Task data:

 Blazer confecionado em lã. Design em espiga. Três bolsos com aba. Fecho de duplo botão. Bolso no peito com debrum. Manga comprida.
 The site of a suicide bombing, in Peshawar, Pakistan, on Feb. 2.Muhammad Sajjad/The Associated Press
==
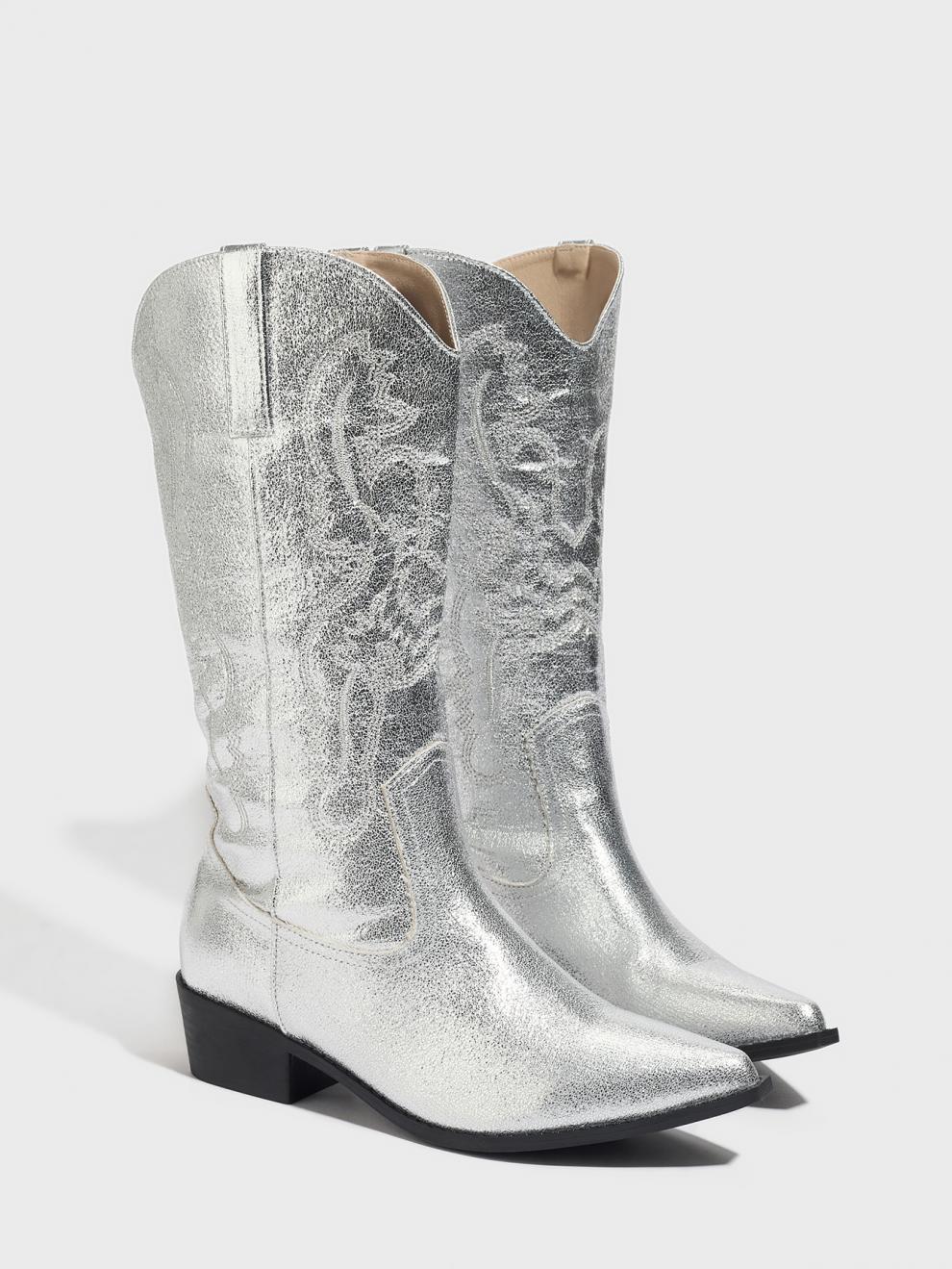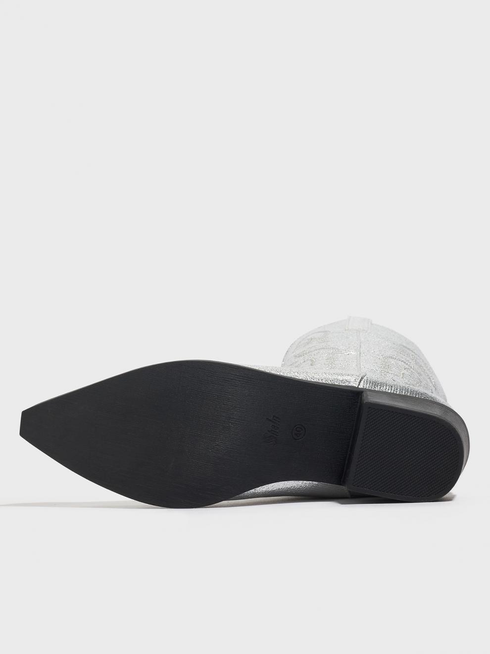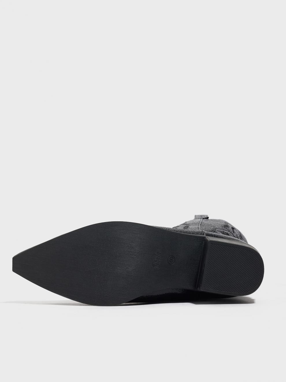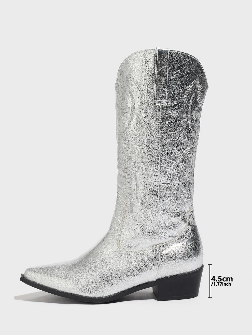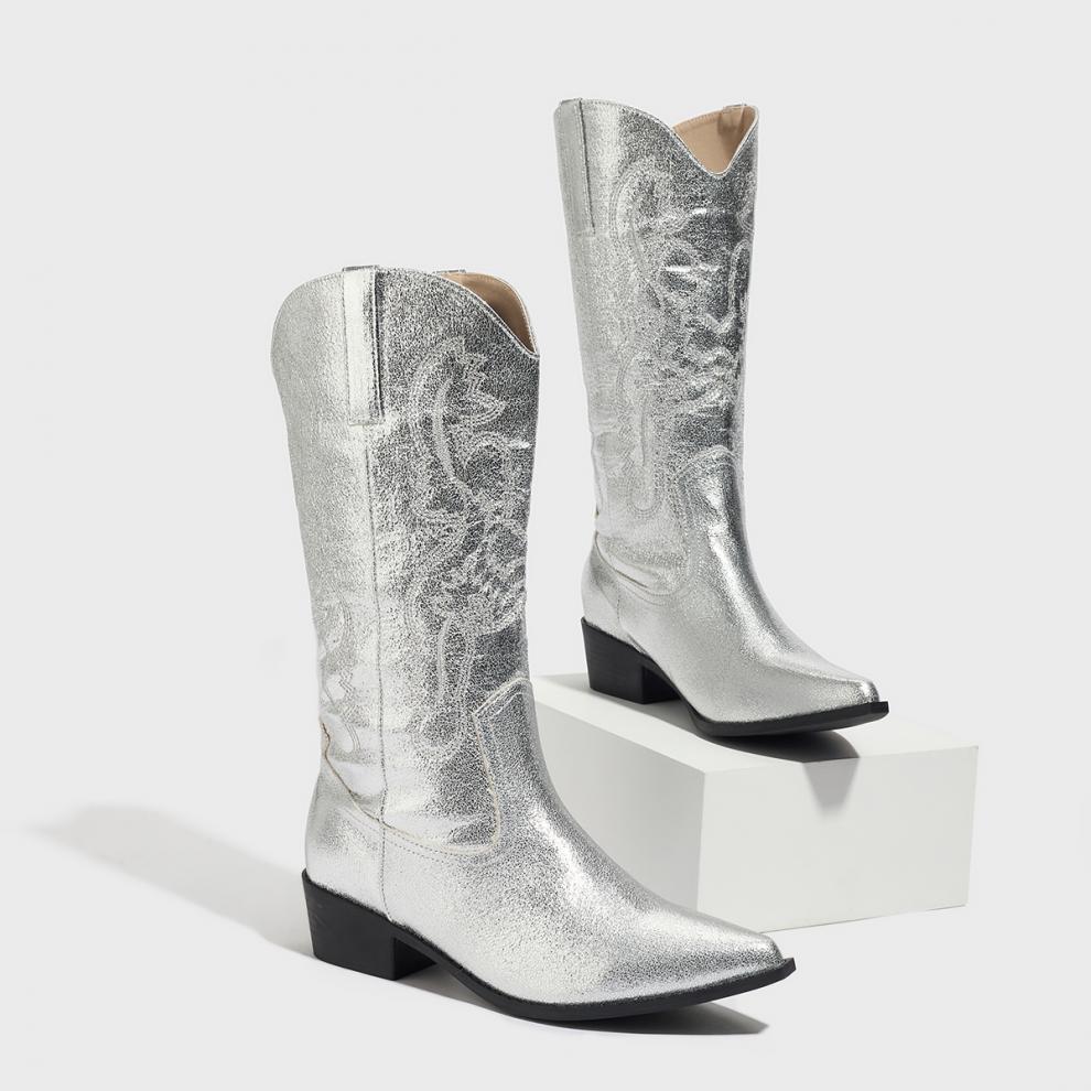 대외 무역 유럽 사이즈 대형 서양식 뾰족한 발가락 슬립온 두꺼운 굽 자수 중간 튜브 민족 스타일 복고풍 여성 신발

What needs to be done: Give back exactly the lines above starting at the line where "Blazer confecionado em" appears and ending at the line where "The site of" appears, both included, with no other lines.

Response:
 Blazer confecionado em lã. Design em espiga. Três bolsos com aba. Fecho de duplo botão. Bolso no peito com debrum. Manga comprida.
 The site of a suicide bombing, in Peshawar, Pakistan, on Feb. 2.Muhammad Sajjad/The Associated Press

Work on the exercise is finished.